ARTICLE I. MEMBERSHIP

Section 1.1 CLASSES AND QUALIFICATIONS OF MEMBERS

Each membership class, except for the Board of Directors, will be reevaluated annually with individuals and entities reassigned as appropriate.

A. GENERAL MEMBERS – are those individuals or entities who support the purpose and mission of the BRC but who do not provide an annual financial contribution to the BRC in a particular membership year. They may join this class by registering at any meeting or otherwise expressing their interest and furnishing their name and a mailing address. They may attend meetings of the BRC but shall not have voting privileges. Their membership will be transferred automatically to the Supporting Member Class in the membership year in which a financial contribution is received

 

B. SUPPORTING MEMBERS – are those individuals or entities who support the purpose and mission of the BRC annually by a financial contribution. Supporting members may request to have items placed on the agenda of the Board of Directors and may attend meetings of the BRC but shall not have voting privileges. Individuals in this class may request membership on the BRC Council and their membership will be transferred upon approval of the Board of Directors.

 

C. COUNCIL MEMBERS -- are those individuals selected from the Supporting Member Class by the Board of Directors to advise the Board regarding how best to accomplish the mission of the BRC. Council Members are expected to attend the annual and any special meetings of the BRC to which they are invited. Council Members shall have voting privileges and may be asked to serve on the Board of Directors as Board Consultants for a specific purpose and for a limited time. They are also eligible to be elected to the Board of Directors if nominated by the Nominating Committee.

 

D. BOARD MEMBERS -- are Council or Supporting Members are who are elected to serve on the Board of Directors of the corporation in accordance with these Bylaws. They shall have all rights and privileges of Council Members and in addition shall accept the obligations and privileges as defined in these bylaws.

 

Section 1.2 DUES and CONTRIBUTIONS

A. The Board of Directors may, at their discretion, establish dues requirements for specified membership classes.

 

B. Supporting contribution categories and associated monetary levels may be established and revised by the Board of Directors as they deem prudent and such revisions shall become effective upon approval at any meeting of the Board.

Section 1.3 TRANSFER OF MEMBERSHIP

Membership in the organization is not assignable or transferable.

 

Section 1.4 CONFLICTS OF INTEREST

A. Any member in any class who has a real, potential or perceived conflict of interest with the purposes, the goals or the mission of the BRC or may potentially benefit financially or otherwise, must, if nominated for membership on the BRC Board of Directors, withdraw his/her name from consideration before voting is commenced.

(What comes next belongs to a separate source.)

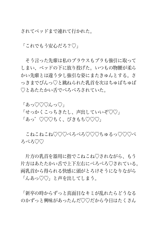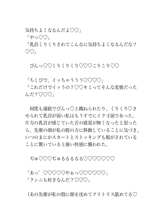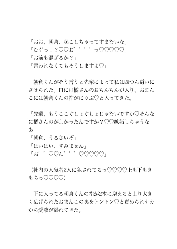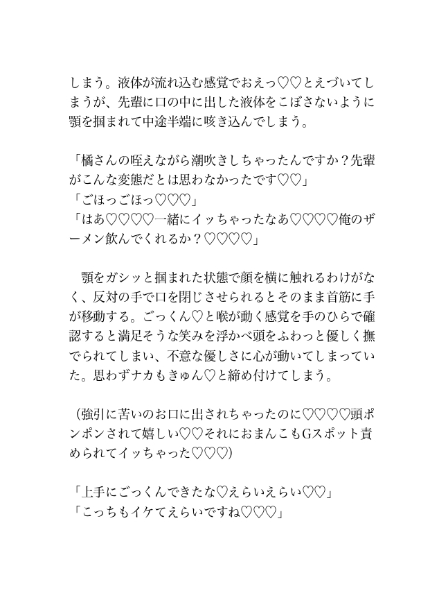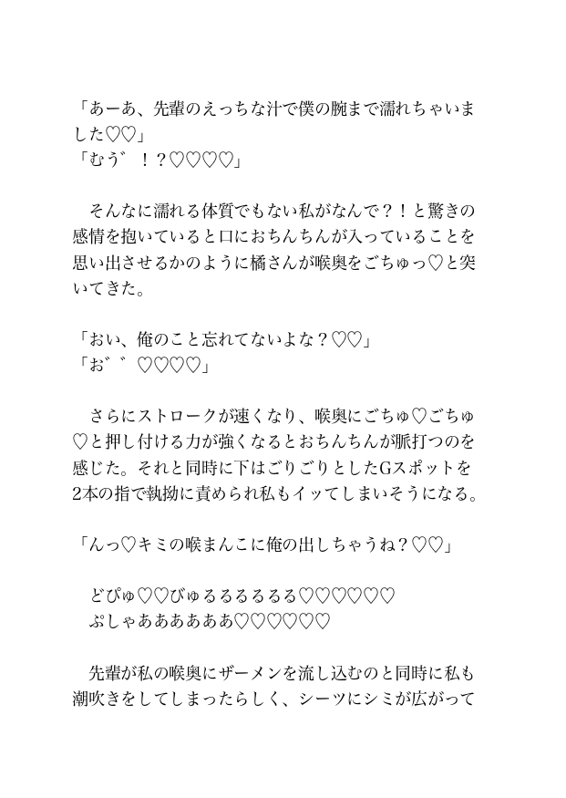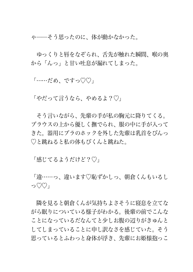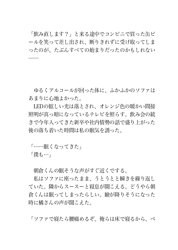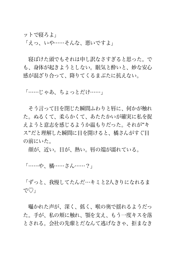 コンビニで買ったお酒を飲んでいると眠気が襲ってきたため、後輩の朝倉くんの隣で目を閉じると唇に何か当たる感触があり目を開けると先輩の橘さんの顔がすぐ目の前にあった。先輩からキスされていることを知った私はそのまま先輩を受け入れてしまう。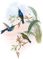 Veraguan Wood-Nymph (Thalurania Venusta), John Gould De ontdekking van deze nieuwe soort door de gevierde Traveler Warszewicz in de buurt van de vulkaan van Chiriqui in Veragua is van tweevoudig belang; Ten eerste, omdat het toevoegen van een extra soort aan het goed gedefinieerde geslacht Thalurania, en ten tweede, als nog verder bewijs leveren dat de meeste vormen ooit beschouwd als eigen aan het continent van Zuid-Amerika, hun vertegenwoordigers in de landen hebben in de landen Liegen tegen het noorden bij de landengte van Panama, algemeen bekend als Midden -Amerika. Deze illustratie is hersteld in zijn oorspronkelijke levendigheid door kleuren te verbeteren en ongewenste tekens te verwijderen. Een monografie van de trochilidæ, of familie van zoemende birds werd gepubliceerd tussen 1849 en 1887 door de Engelse ornitholoog John Gould. Dit monumentale werk toont en beschrijft destijds alle bekende soorten kolibries - bestaande uit 418 lithografische platen en informatie over 537 soorten. "

B. Any member in any class who has a real, potential or perceived conflict of interest or who may potentially benefit financially or otherwise, in relation to a specific issue or action under consideration by the membership, the Board of Directors, or any committee or other component of the BRC must declare his/her conflict of interest, must refrain from any discussion and must abstain from voting on the issue or action.

C. If a member is unsure of a potential conflict of interest related to an issue under consideration by the membership he/she must declare the potential conflict to the Board of Directors who shall render a timely decision as to the propriety of the members participation..

 

D. Members not divulging a conflict of interest shall be subject to termination of their membership in the BRC by action of the Board of Directors and if their vote has been counted it shall be deemed null and void and a revote shall be taken if necessary.

Section 1.5 VOTING RIGHTS

A. Each Board and Council member in good standing shall have a single vote at special and annual meetings of the BRC membership. Supporting and General members do not have voting privileges.

B. The Board of Directors, by 2/3, majority may exclude the vote(s) of a member if a real or perceived conflict of interest exists.

 

C. All issues and resolutions voted on by the membership and organizational units of the BRC shall be approved if voted in the affirmative by a majority of the quorum present unless otherwise stated in these by-laws.

Section 1.6 CERTIFICATION OF MEMBERSHIP

The Board of Directors may provide for the issuance of certificates evidencing membership in the organization which shall be in such form as determined by the board.

Section 1.8 TERMINATION OF MEMBERSHIP

The Board of Directors may terminate an individual membership, for cause, after a hearing called for that specific purpose, by a 2/3 majority vote. Any membership so terminated may be appealed to the entire voting membership at the annual meeting and membership may be reinstated if so directed by a majority vote of the voting membership present.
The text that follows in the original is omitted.